Con esto no quiero decir que sean eventos eliminables o que albergue dudas sobre la utilidad de la visibilización social. En primer lugar, porque este tipo de movimientos e iniciativas tienen un sustrato indudablemente loable detrás. En segundo lugar, porque el activismo, por incómodo que sea para algunos, ha sido punta de lanza de logros y cambios sociales.

Ocurre que la virtuosidad de la causa o la gestión de la misma se han transformado en herramientas meramente políticas. Y, en ese terreno, encajan a la perfección las adhesiones inquebrantables. Porque permiten, de una forma sencilla y prácticamente automática, señalar a otros. Si no estás conmigo, estás contra mí. La polarización como arma electoral. Que se lo cuenten al señor Trump.

Con todo, esta utilización política no es tan grave. En realidad, lo es, pero a fuerza de pura costumbre, la propaganda pasa a formar parte de las reglas informalmente asumidas. Que los políticos fabulan y exageran (especialmente) en período electoral es algo que cualquiera que levante un palmo del suelo debiera tener más que asumido. Es más preocupante que la gestión pública se ha convertido en bisagra de intereses políticos. Y cuando digo políticos, digo partidista. Ni siquiera manda la intención ideológica, vencida por el peso del provecho del partido. No ha sido el gobierno de Sánchez el único en instrumentarse básicamente para una campaña electoral continúa; pero en esto hay que reconocerle a su persona que ha dejado muy atrás a sus rivales.

¿No es una acción política que todas las cuentas oficiales de un gobierno asuman la imagen de un evento --supuestamente-- no alineado y transversal? «Se non è vero, è ben trovato», diría el italiano.

Cada vez más las decisiones legislativas y ejecutivas se impregnan de esta tendencia partidista. Y eso es peligroso porque nos hurta de un debate de posiciones, reduciéndolo todo a una cuestión de blanco o negro. Pero que, además, tiene un coste real para las arcas públicas. ¿Ejemplos? Veamos dos.

Se acaba de aprobar la ampliación del permiso de paternidad para el padre. Loable, sí. Pero puede ser meramente cosmético. Sobre todo, porque no he oído a nadie decir que el coste de esta medida (que es doble, ya que tiene una vertiente de gasto público, pero igualmente privado para el empleador. Pero, claro, es un empresario) podría tener un mayor impacto destinada a una ayuda progresiva a la contratación de guarderías. Combinada con deducciones fiscales para aquel progenitor que tenga mayor carga fiscal en renta, con independencia de que sea la madre o el padre.

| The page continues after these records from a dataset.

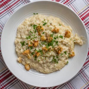 This roasted cauliflower risotto has a rich, creamy, and slightly runny texture. The addition of the cauliflower puree into the risotto gives it an extra creamy texture without using lots of cream. It also enhances the flavor.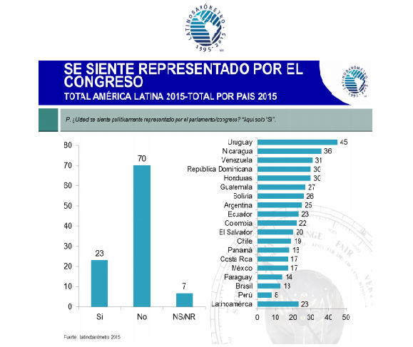 Chimbote en Línea (Por: Gerardo Távara Castillo) El Latinobarómetro es un estudio de opinión que se aplica desde hace 20 años en 18 países de América Latina mediante entrevistas a aproximadamente 20 mil personas. Los resultados de este estudio para el año 2015 revelan que el Perú es el país en que la población se siente menos representada por el Congreso, y también la que siente menos confianza en el Gobierno.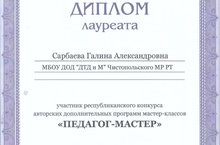 Поздравляем Сарбаеву Галину Александрону, которая стала лауретом конкурса авторских дополнительных программ мастер классов "Педагог Мастер".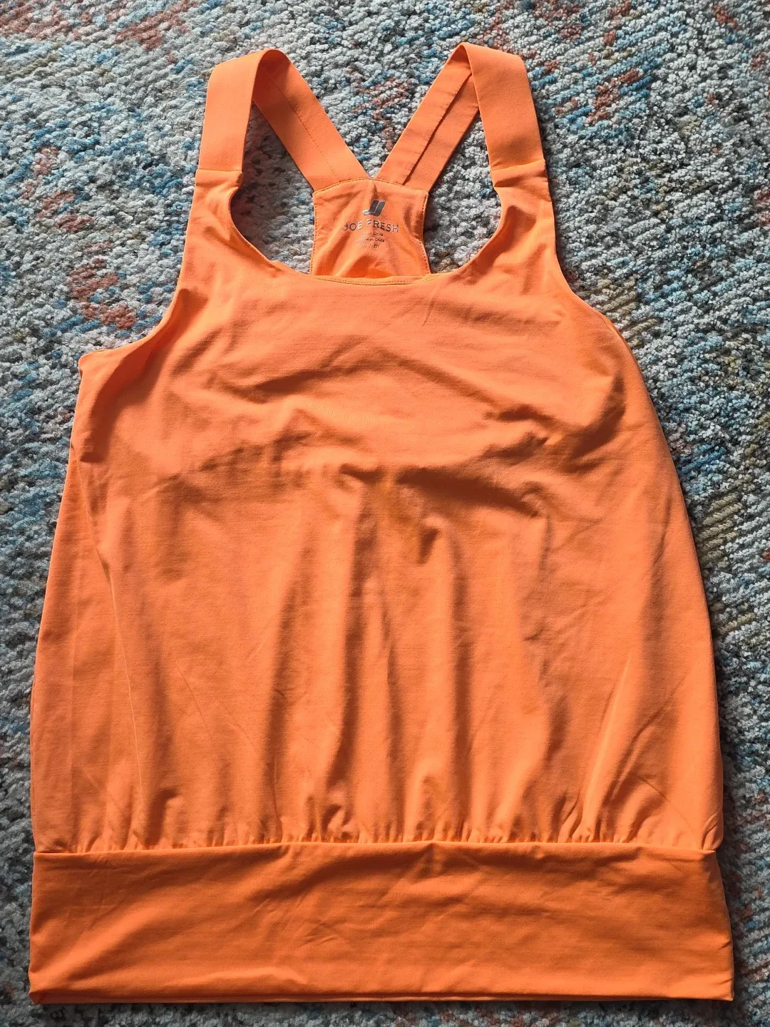 This is an orange tank top from Joe Fresh. It's a racerback style with a gathered hem. This tank is size medium and made of soft fabric. Has built in shelf bra.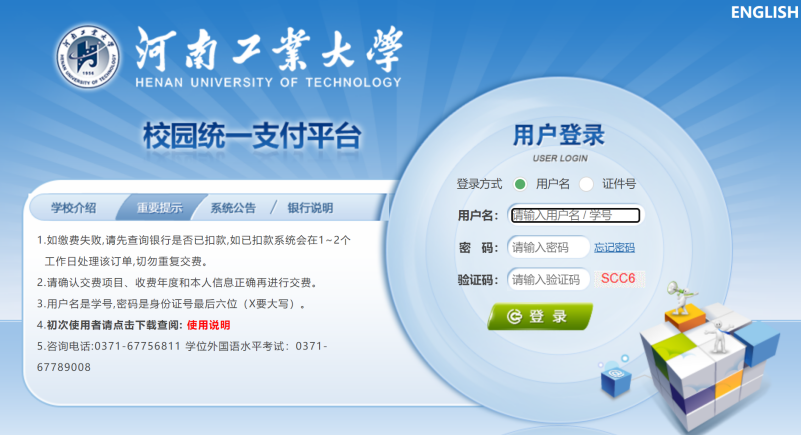 学生可通过智慧迎新系统,点击学费缴纳服务,登录校园统一支付平台(移动端和电脑端均可,如图7),通过微信或支付宝,缴纳学费、住宿费、医保费、教材费;并可查询、下载学宿费电子缴费票据。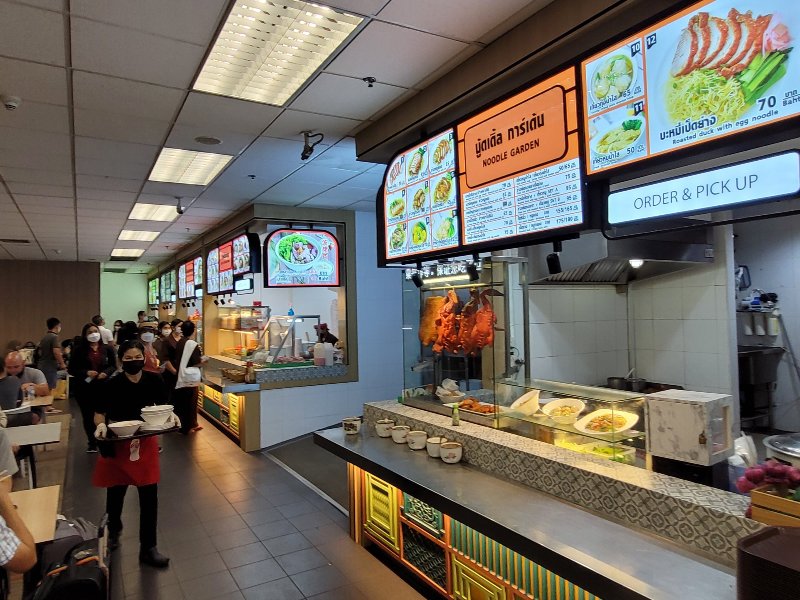 TIPP: avaliku osa esimesel korrusel (tähistatud kui 1. tasand), kõige tagumises otsas (paremal pool, kui väljute rongist) asub rahvalik söögikoht "Airport Street Food by Magic Food Point". See pakub peamiselt Tai ja Hiina kööki hinnaga alates 80 thb põhiroa eest. Sa sööd siin maitsvalt ja palju. Kohe pärast vasakult sisenemist peate kassas raha vahetama kupongide vastu, millega saate siis igas kioskis toidu eest maksta.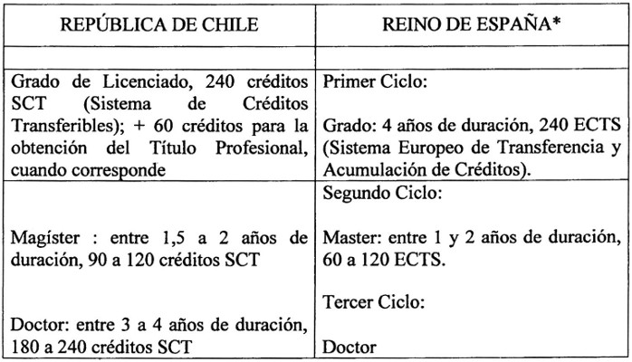 2. En el Reino de España, los títulos profesionales y grados académicos de licenciatura, magíster y doctorado, todos ellos obtenidos en universidades chilenas con reconocimiento oficial del Ministerio de Educación de la República de Chile.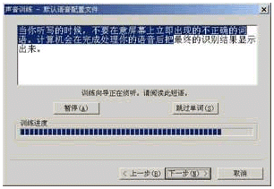 一般情況下,我們最好在語音識別功能安裝結(jié)束后立即按照系統(tǒng)提示單擊"下一步"對語音識別功能進(jìn)行訓(xùn)練,整個訓(xùn)練過程包括調(diào)整麥克風(fēng)和訓(xùn)練Office進(jìn)行語音識別兩部分(如圖3所示)。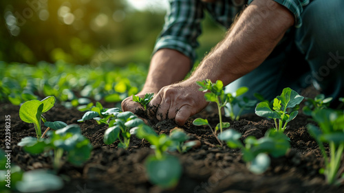 Planting plants in the ground, close-up highlighting fresh, fertile soil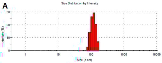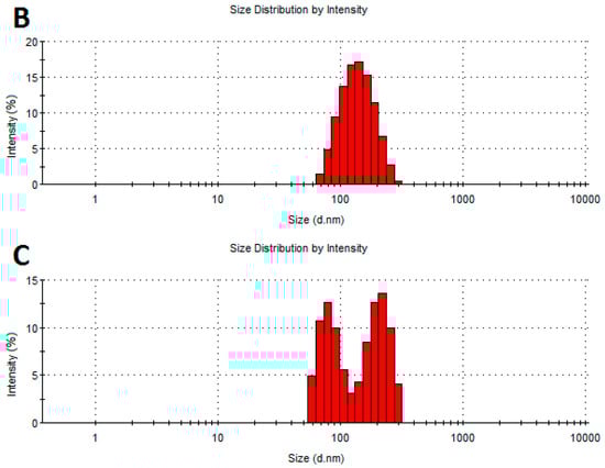 Size distribution of the NPs: (A)—AgNPs, (B)—AuNPs, and (C)—CuNPs.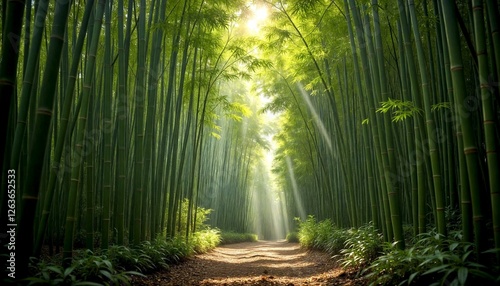 Obraz premium Sunlit Path Through Lush Bamboo Forest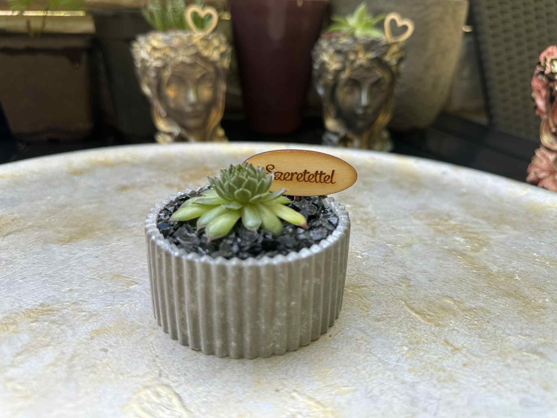 Kicsi gipsz kaspó, élő pozsgással beültetve, dekorkővel megszórva, "Szeretettel" fatáblával díszítve, szürke, ezüst színösszeállítással.

También se ha promulgado (con una técnica cuestionable) una nueva legislación sobre el alquiler. Pero que el actual gobierno nos vende que no se quedará ahí, sino que pretende regular los precios. A pesar de la oposición de los propios actores del sector, consciente que una limitación retraerá a muchos propietarios que, sin una regulación que otorgue seguridad y capacidad de maniobra, reducirá la oferta de alquiler. Que redundará en una elevación de precios en el mercado. Por cierto, el mismo partido que decretó el desahucio «exprés». Cosas del cortoplacismo.

Todo es exclusivamente parte de una agenda política. Que oculta una fundamentación perversa que no se quiere reconocer. Cuando se juega a la identificación y, a su revés, el enfrentamiento, los matices salen de la ecuación. Porque lo que no se dice es que piensan, maquiavélicamente, que el fin (su fin) justifica los medios.

Y no, en un estado de derecho cualquier finalidad, por justa que sea, requiere como los medios usados sean igualmente legítimos. Por eso, estas líneas no van delante, sino en la contraportada. Si es que hay que leerse todo.